Exercise goal: Reproduce, exactly and in full, the lines from the one with "- 【Premium Clarity" through the one with "- 【4】直径20cmほどの" in the data below; drop pictures.

The records:
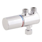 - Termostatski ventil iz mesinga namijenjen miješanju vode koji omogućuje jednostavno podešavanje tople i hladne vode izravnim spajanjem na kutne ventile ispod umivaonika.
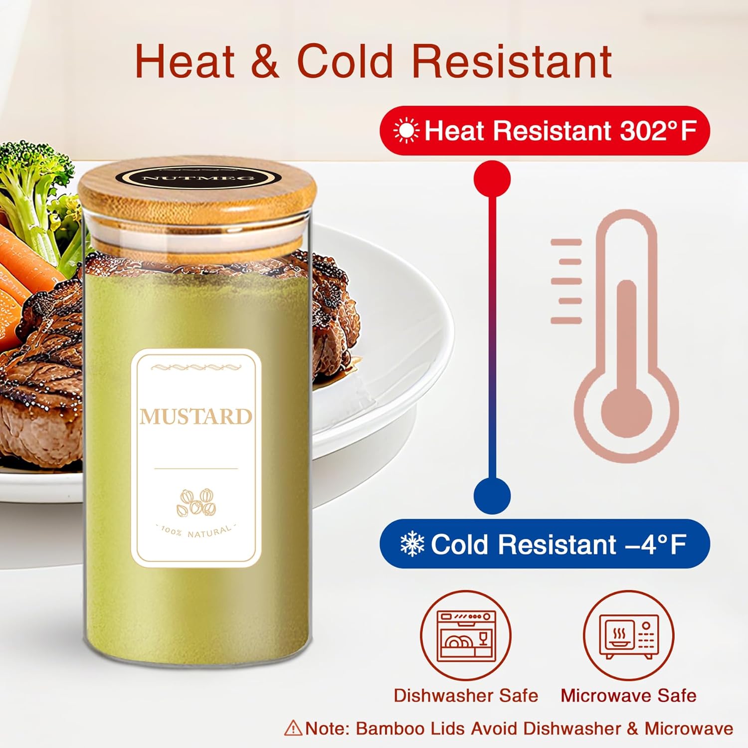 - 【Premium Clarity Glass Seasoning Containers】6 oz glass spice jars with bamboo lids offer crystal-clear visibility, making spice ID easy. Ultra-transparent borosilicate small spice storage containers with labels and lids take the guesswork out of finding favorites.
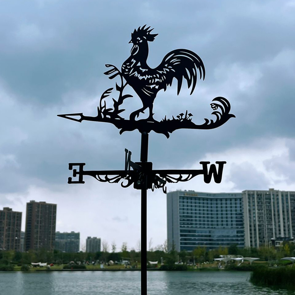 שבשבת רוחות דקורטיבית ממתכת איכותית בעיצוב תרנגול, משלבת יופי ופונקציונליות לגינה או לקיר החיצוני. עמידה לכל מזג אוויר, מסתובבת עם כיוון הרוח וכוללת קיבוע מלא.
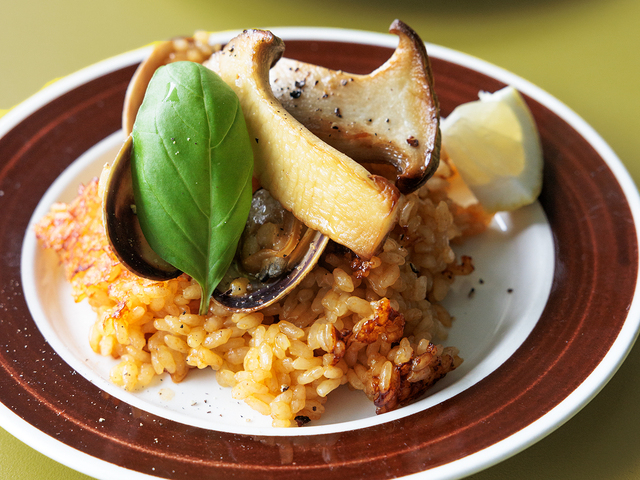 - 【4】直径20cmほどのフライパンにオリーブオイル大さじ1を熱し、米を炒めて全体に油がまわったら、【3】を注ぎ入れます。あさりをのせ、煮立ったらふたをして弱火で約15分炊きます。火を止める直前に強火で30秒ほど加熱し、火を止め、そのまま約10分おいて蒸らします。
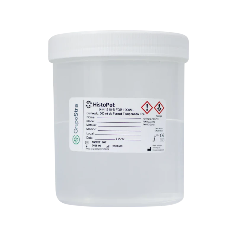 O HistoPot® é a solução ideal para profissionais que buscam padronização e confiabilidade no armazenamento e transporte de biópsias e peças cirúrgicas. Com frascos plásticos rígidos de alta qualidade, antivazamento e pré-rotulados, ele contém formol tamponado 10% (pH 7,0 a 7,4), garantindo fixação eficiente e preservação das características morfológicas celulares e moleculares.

--

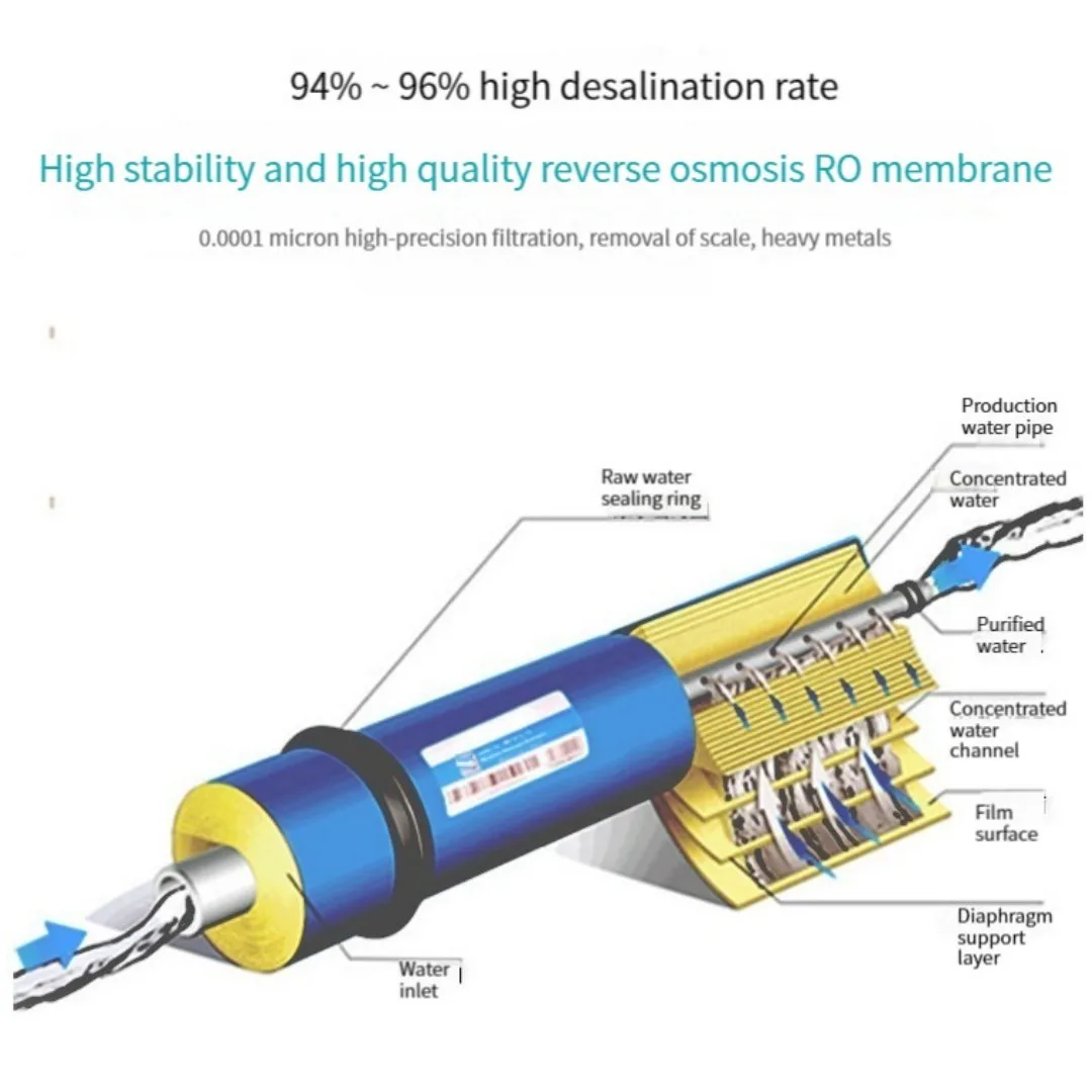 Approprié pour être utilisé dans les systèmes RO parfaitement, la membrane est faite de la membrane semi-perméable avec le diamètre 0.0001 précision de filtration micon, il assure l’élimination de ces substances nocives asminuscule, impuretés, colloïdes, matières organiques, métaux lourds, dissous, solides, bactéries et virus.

...

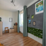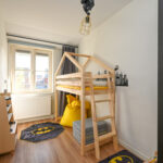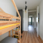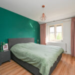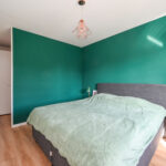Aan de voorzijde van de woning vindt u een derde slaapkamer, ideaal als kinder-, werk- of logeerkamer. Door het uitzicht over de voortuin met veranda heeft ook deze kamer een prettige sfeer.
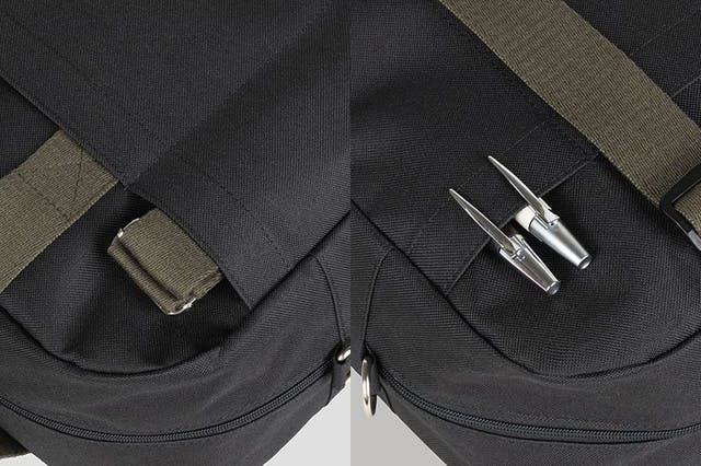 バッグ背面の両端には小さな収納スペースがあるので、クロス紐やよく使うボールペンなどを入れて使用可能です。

Exercise response:
 - 【Premium Clarity Glass Seasoning Containers】6 oz glass spice jars with bamboo lids offer crystal-clear visibility, making spice ID easy. Ultra-transparent borosilicate small spice storage containers with labels and lids take the guesswork out of finding favorites.
 שבשבת רוחות דקורטיבית ממתכת איכותית בעיצוב תרנגול, משלבת יופי ופונקציונליות לגינה או לקיר החיצוני. עמידה לכל מזג אוויר, מסתובבת עם כיוון הרוח וכוללת קיבוע מלא.
 - 【4】直径20cmほどのフライパンにオリーブオイル大さじ1を熱し、米を炒めて全体に油がまわったら、【3】を注ぎ入れます。あさりをのせ、煮立ったらふたをして弱火で約15分炊きます。火を止める直前に強火で30秒ほど加熱し、火を止め、そのまま約10分おいて蒸らします。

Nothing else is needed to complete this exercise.